Austin Businesses Persevere Through SXSW Cancellation
By Ryan Chandler
AUSTIN,TX – After the City of Austin cancelled “South by Southwest” on March 6, the city’s service industry was left wondering how to make up for lost income.
The annual music, arts, and business showcase attracts nearly 300,000 attendees from across the globe for a week of speakers, concerts, and bar-hopping, bringing an extra revenue total of over $355 million for the city. Many bartenders, venue owners, and service workers rely on the busy week for a hefty paycheck. Yet, rising concerns amid the spread of the novel coronavirus cancelled hundreds of showcases, music events, and bar specials, and many of the workers who usually benefit the most are reeling.
“I guess [it was] shock, I didn’t think with the amount of time and preparation and money that they would pull out this late,” the general manager of Spiderhouse said. “All the money you were guaranteed… it’s gone. And they are not liable for anything.”
Spiderhouse, a bar and concert venue across the street from The University of Texas and a frequent stop for UT students, is still planning to host music events independent of South By Southwest but is worried about decreased traffic during the week. Its workers hope that people still come to Austin for independent events despite the official festival’s cancellation.
Many of the workers on Rainey Street, however, feel that there is a silver lining in losing the official South By Southwest event. They hope that Austin’s independent culture will fill the gap left by the corporations that will no longer participate.
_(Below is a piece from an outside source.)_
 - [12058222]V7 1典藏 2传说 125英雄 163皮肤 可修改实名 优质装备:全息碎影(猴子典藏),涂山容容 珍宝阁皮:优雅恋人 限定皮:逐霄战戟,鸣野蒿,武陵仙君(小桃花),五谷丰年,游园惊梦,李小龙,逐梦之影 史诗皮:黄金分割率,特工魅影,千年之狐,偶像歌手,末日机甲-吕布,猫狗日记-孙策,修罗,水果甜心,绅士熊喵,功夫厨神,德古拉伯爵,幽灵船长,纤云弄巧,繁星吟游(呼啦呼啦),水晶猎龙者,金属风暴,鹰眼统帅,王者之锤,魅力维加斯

“For the past ten years ‘South By’ has gotten more corporate,” Banger’s Beer Garden manager Tori Nelson said. “So I think seeing people go ‘hey, we’re going to have more bands and try to book more things…’ it seems like people are trying to get together now and try and make it better than what was expected I think.”
Banger’s, for example, is hosting their own alternative called “Bang by Bang Bang.” The staple Rainey Street sausage house and beer garden will feature day long concerts on March 21 and 22 with bands from Austin and all across the country.
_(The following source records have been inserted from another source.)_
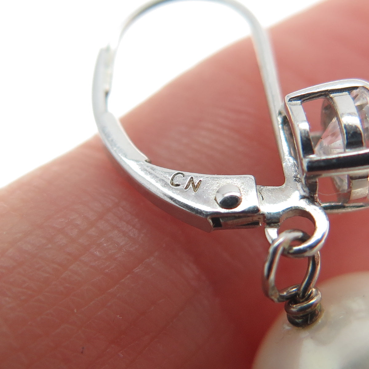 LUCAS LAMETH LUC 925 Sterling Silver Real Pearl & C Z Dangle Earrings
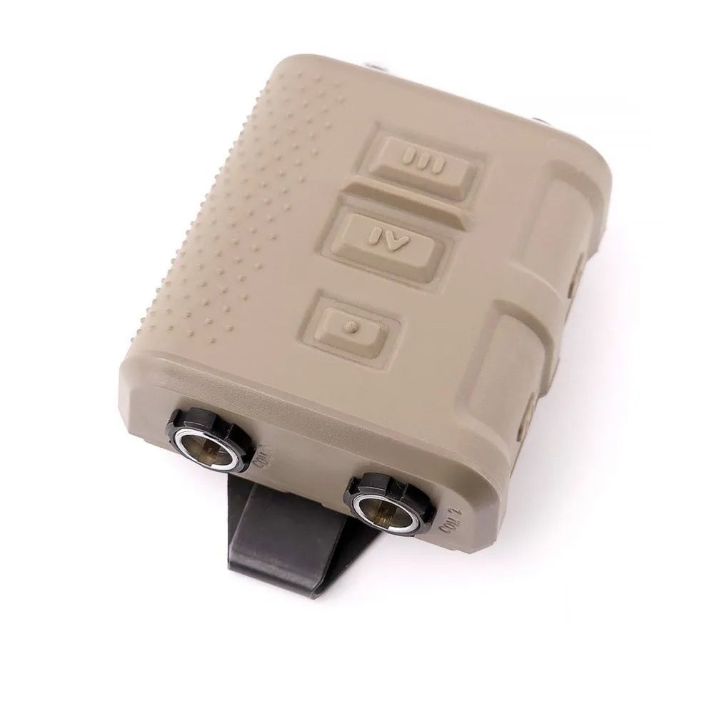 Кнопка PTT V 60 от известного производителя Falco Communications System. Используется для подключения Активных тактических стрелковых наушников FMA FCS AMP, а также наушников других производителей с коннектором интерфейса NATO U-174/u (военная "military" распайка проводов) к одной или двум радиостанциям.
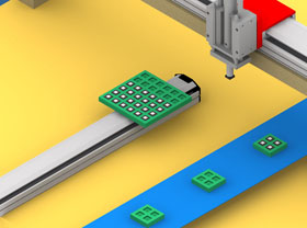 利用线性模组高定位精度之特性,在物件整列靠齐等装置中应用。
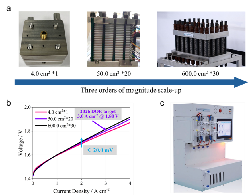 a. PEM电解槽从单个电池放大到100 kW的电堆。中国国家能源局认证的首台套先进设备“低铱载量高电流密度PEM电解槽”,

“Now more than ever we all need to come together because that guaranteed money is gone,” Banger’s bartender Catherine Mayer said. “We got to support the city… how can we, as a Rainey Street community, get through this? Just have people come out… a lot of beer, a lot of music.”
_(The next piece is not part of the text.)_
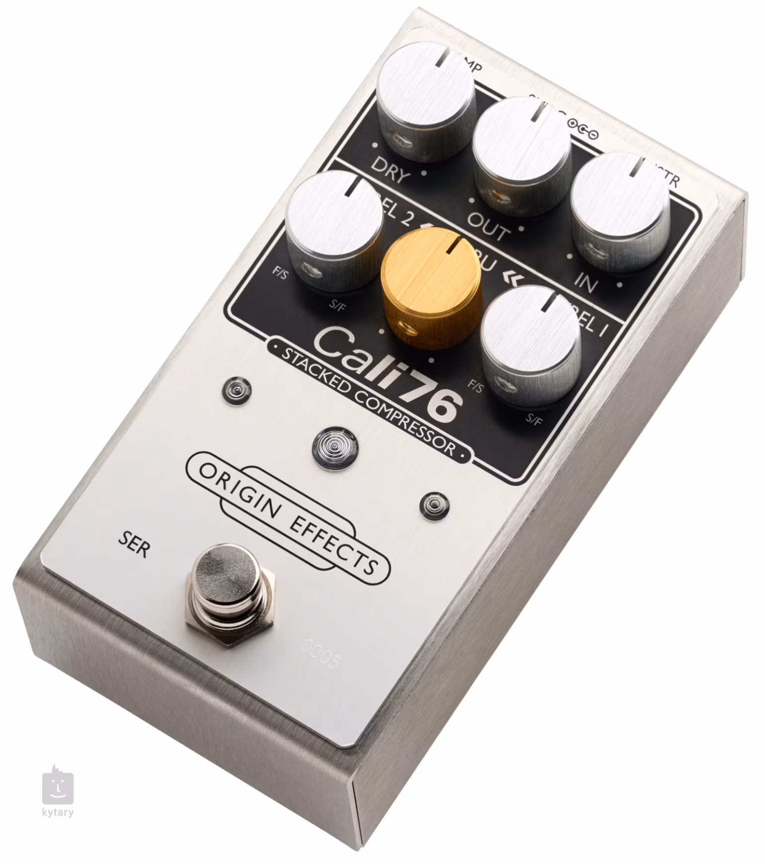 Der Cali76 Stacked Compressor von Origin Effects ist ein Zweiphasen-Pedalkompressor mit zwei in Reihe geschalteten FET-Kompressoren, die einen extrem komprimierten Cleansound, einen angenehm weichen Overdrive und ein nahezu unendliches Sustain liefern. Die Box basiert auf UREIs legendärem 1176 Peak Limiter-Studiogerät, das sich durch seinen sanften Analogsound und sein ultraschnelles Attack und Release auszeichnet. Diese kompakte Pedalversion bietet Ihnen eine Kompression in Studioqualität, die Ihren Gitarrenton von Grund auf verändern kann. Es handelt sich um eine aktualisierte Version der früheren Cali76 Stacked Edition, die sich durch einen größeren Headroom, eine geringere Größe und die Möglichkeit eines 9-Volt-Netzteils auszeichnet (die Spannung wird dann im Pedal auf 24 V erhöht).

Note: On March 19, the City of Austin issued an order closing most bars and restaurants and prohibiting all social gatherings of more than ten people. None of the events listed above occurred. This story reflects how these businesses intended to overcome SXSW’s cancellation and is not representative of the reality that the rapidly growing COVID-19 pandemic eventually imposed. As of publication, the venues listed above and all bars in Austin are closed. All residents are under a “Shelter in Place” directive until April 13, 2020 as the number of infected Americans surpasses 200,000.